REQUIRED ACTION:
Produce a verbatim copy of the records, and keep the images out of it.

MATERIAL PROVIDED:
+++++

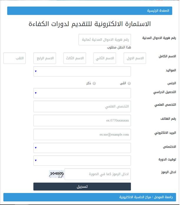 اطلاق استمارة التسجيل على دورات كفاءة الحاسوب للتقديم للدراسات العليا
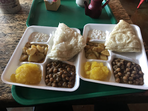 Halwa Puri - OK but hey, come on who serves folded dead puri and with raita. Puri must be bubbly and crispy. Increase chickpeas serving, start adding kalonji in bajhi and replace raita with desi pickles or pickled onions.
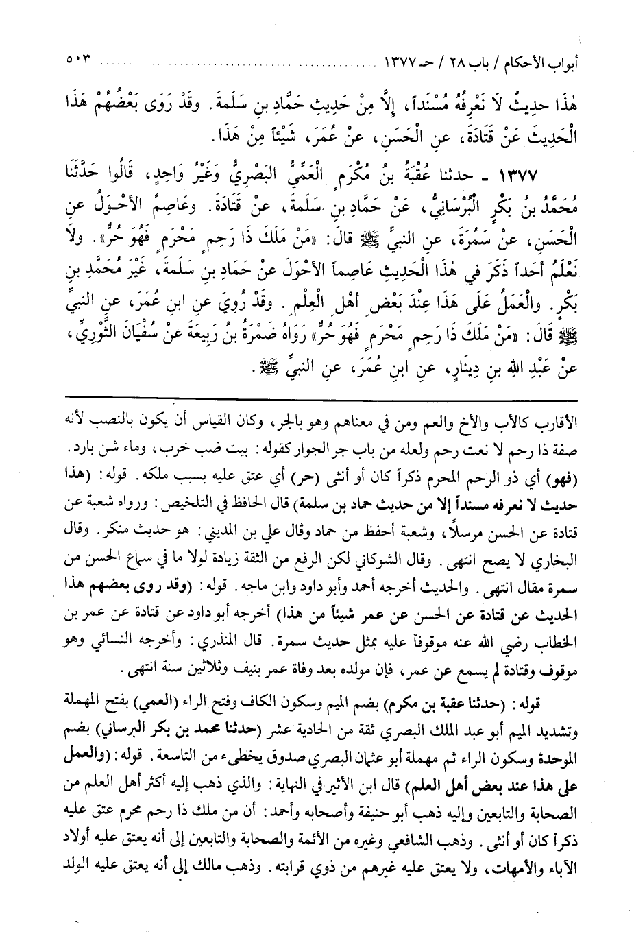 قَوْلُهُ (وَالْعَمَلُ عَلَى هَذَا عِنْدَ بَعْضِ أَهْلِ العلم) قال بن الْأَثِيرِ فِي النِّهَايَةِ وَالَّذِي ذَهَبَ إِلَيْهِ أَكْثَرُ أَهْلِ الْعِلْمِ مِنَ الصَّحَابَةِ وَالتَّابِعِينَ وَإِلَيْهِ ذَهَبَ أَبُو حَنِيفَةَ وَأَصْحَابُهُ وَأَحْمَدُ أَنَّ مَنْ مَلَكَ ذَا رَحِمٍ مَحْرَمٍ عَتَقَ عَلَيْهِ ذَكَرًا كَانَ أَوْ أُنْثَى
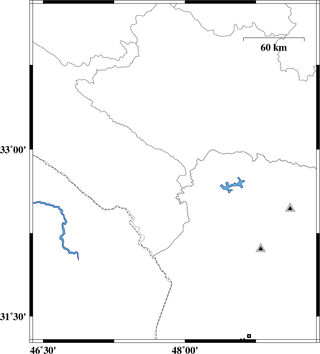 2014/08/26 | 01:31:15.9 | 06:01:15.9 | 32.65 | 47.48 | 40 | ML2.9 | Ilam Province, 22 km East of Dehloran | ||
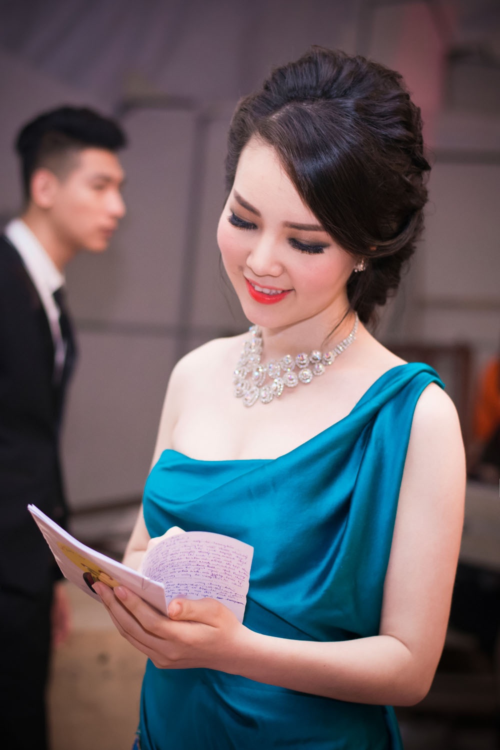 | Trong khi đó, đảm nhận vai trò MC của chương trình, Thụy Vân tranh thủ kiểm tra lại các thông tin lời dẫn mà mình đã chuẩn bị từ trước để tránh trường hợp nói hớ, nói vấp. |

+++++

SOLUTION:
 اطلاق استمارة التسجيل على دورات كفاءة الحاسوب للتقديم للدراسات العليا
 Halwa Puri - OK but hey, come on who serves folded dead puri and with raita. Puri must be bubbly and crispy. Increase chickpeas serving, start adding kalonji in bajhi and replace raita with desi pickles or pickled onions.
 قَوْلُهُ (وَالْعَمَلُ عَلَى هَذَا عِنْدَ بَعْضِ أَهْلِ العلم) قال بن الْأَثِيرِ فِي النِّهَايَةِ وَالَّذِي ذَهَبَ إِلَيْهِ أَكْثَرُ أَهْلِ الْعِلْمِ مِنَ الصَّحَابَةِ وَالتَّابِعِينَ وَإِلَيْهِ ذَهَبَ أَبُو حَنِيفَةَ وَأَصْحَابُهُ وَأَحْمَدُ أَنَّ مَنْ مَلَكَ ذَا رَحِمٍ مَحْرَمٍ عَتَقَ عَلَيْهِ ذَكَرًا كَانَ أَوْ أُنْثَى
 2014/08/26 | 01:31:15.9 | 06:01:15.9 | 32.65 | 47.48 | 40 | ML2.9 | Ilam Province, 22 km East of Dehloran | ||
 | Trong khi đó, đảm nhận vai trò MC của chương trình, Thụy Vân tranh thủ kiểm tra lại các thông tin lời dẫn mà mình đã chuẩn bị từ trước để tránh trường hợp nói hớ, nói vấp. |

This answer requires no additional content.